When you have multiple sort keys (e.g. primary 1–10 CH A, secondary 11–4 PD D), two records are “equal” only when they are equal on all keys. So DFSORT first orders by the primary key; when the primary key is equal, it uses the secondary key; when both are equal, the relative order is controlled by EQUALS vs NOEQUALS. So EQUALS/NOEQUALS only apply when the records are equal on every key you specified. If they differ on any key, the key order determines the output order regardless of EQUALS.
When you use SUM FIELDS=NONE (or SUM with fields) to collapse duplicate keys, DFSORT keeps one record per key (and optionally sums numeric fields). The record that is kept is the first in the sorted order for that key. With EQUALS, that “first” is well-defined: it is the record that was first in the input among all records with that key (because the sort is stable). So you can predict which record is kept—for example, if you sorted by customer ID and your input had transactions in time order, the kept record is the first transaction for that customer. With NOEQUALS, the order among equal-key records is not guaranteed, so which record SUM keeps is not guaranteed. If you need predictable “keep first” or “keep last” behavior when removing duplicates, use EQUALS and control the sort order (e.g. sort by key and then by a time field so “first” is the earliest transaction).

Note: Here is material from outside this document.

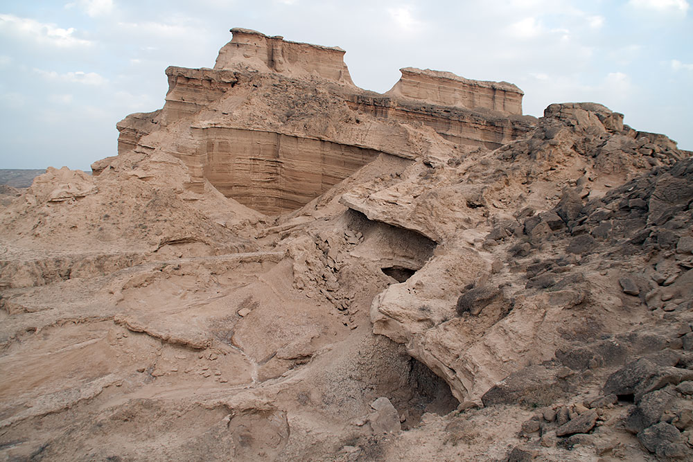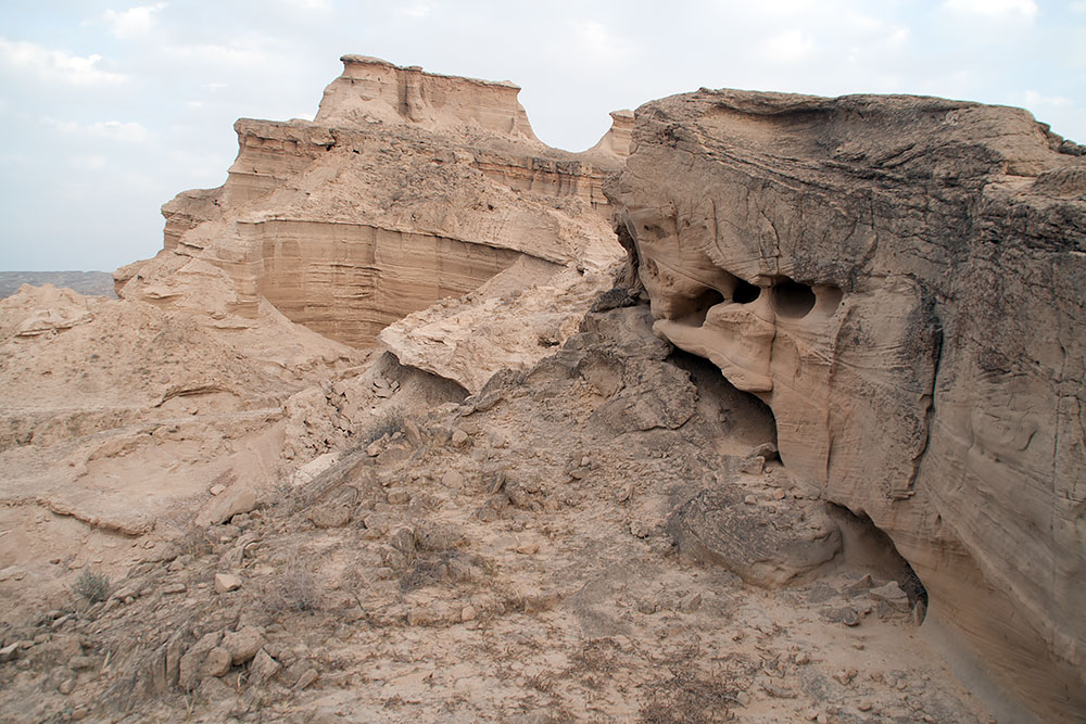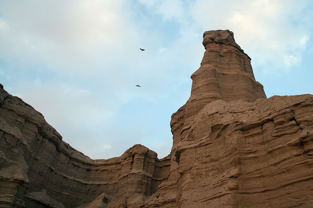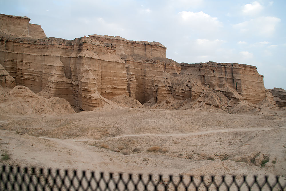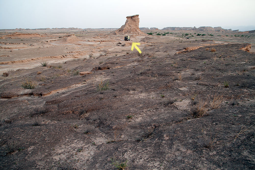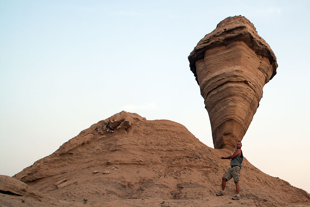 Schon in der Stadt Delvar angelangt blickte ich noch einmal auf eine Formation, die vom letzten Abendlicht beleuchtet, sich am Horizont erstreckte. Ich versuchte ihr näher zu kommen, um ein paar Fotos davon zu machen, fand aber keinen Weg durch die Stadt dorthin. Ein Mann auf seinem Motorrad sah mich mit dem Fotoapparat auf einer Anhöhe stehen und wusste sofort was ich wollte. Er fuhr voran und brachte mich offroad durch das Gelände zu den Felsen.

In general, EQUALS (stable sort) may use slightly more CPU or sortwork than NOEQUALS because the algorithm must preserve order. The difference is often small, but for very large sorts with many equal keys, NOEQUALS can show a noticeable improvement. So if you do not need stable behavior, coding OPTION NOEQUALS can be a simple performance tuning step. If you need stable behavior, the predictability of EQUALS is usually worth the possible extra cost.

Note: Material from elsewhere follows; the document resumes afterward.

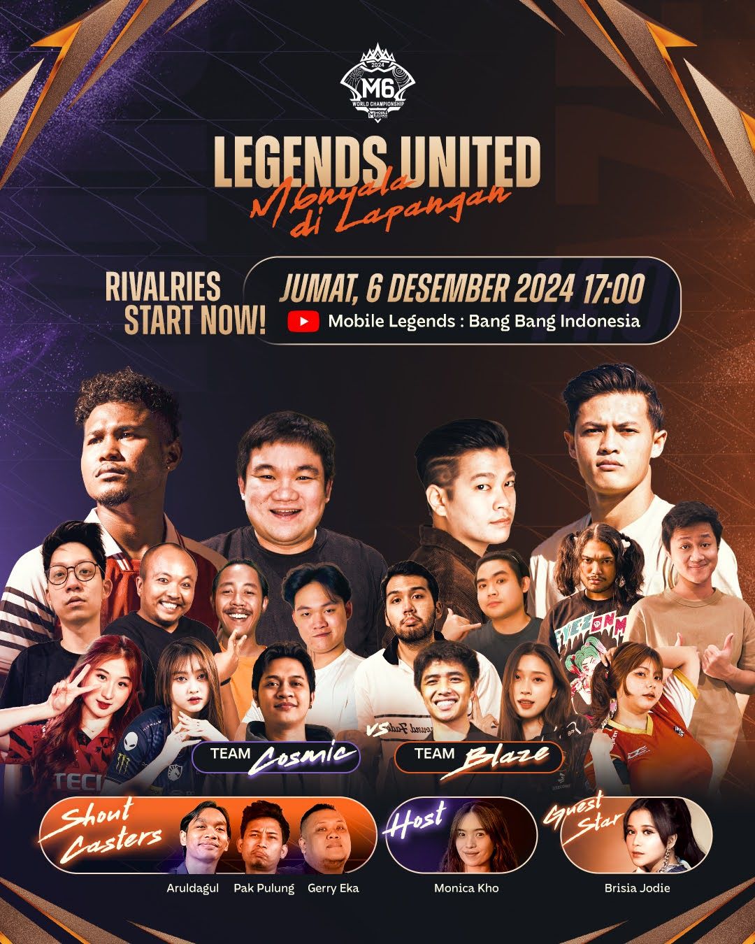 Pertandingan sengit antara Team Blaze, yang dipimpin oleh Alfeandra Dewangga dan Jonathan Liandi, melawan Team Cosmic, yang dipimpin oleh Bagus Kahfi dan Donkey, hadir khusus untuk penggemar setia MLBB di Indonesia. MLBB bertujuan untuk menunjukkan kesamaan antara sepak bola dan esport selama periode M6 World Championship, di mana Tim Indonesia RRQ & TLID berhasil melaju ke Knockout Stage dengan semangat juang yang ‘menyala’ untuk mengharumkan nama Indonesia.

When you use MERGE, records from multiple streams are combined. For records with equal keys that come from different streams (or the same stream), the order in the merged output may be affected by EQUALS or NOEQUALS: with EQUALS, the product may preserve a well-defined order (e.g. by stream and position); with NOEQUALS, the order among equal-key records may not be guaranteed. If you merge and then use SUM or rely on order within key groups, specify EQUALS so the behavior is predictable. See your product documentation for MERGE-specific details.
Imagine you are lining up kids by the first letter of their name. Two kids named “Anna” and “Alex” both start with “A.” Who goes first? With EQUALS, we remember the order they were standing before: if Anna was in front of Alex, Anna stays in front. With NOEQUALS, the teacher can put either one first—we don’t care. So EQUALS means “when the sort key is the same, keep the same order they had.” NOEQUALS means “when the key is the same, any order is fine,” and that can make the job a bit faster.
1. What does OPTION EQUALS do?
2. When might you choose NOEQUALS over EQUALS?
3. You use SUM FIELDS=NONE to keep one record per key. Why does EQUALS matter?
4. What is a "stable" sort?
5. Is EQUALS or NOEQUALS the default in DFSORT?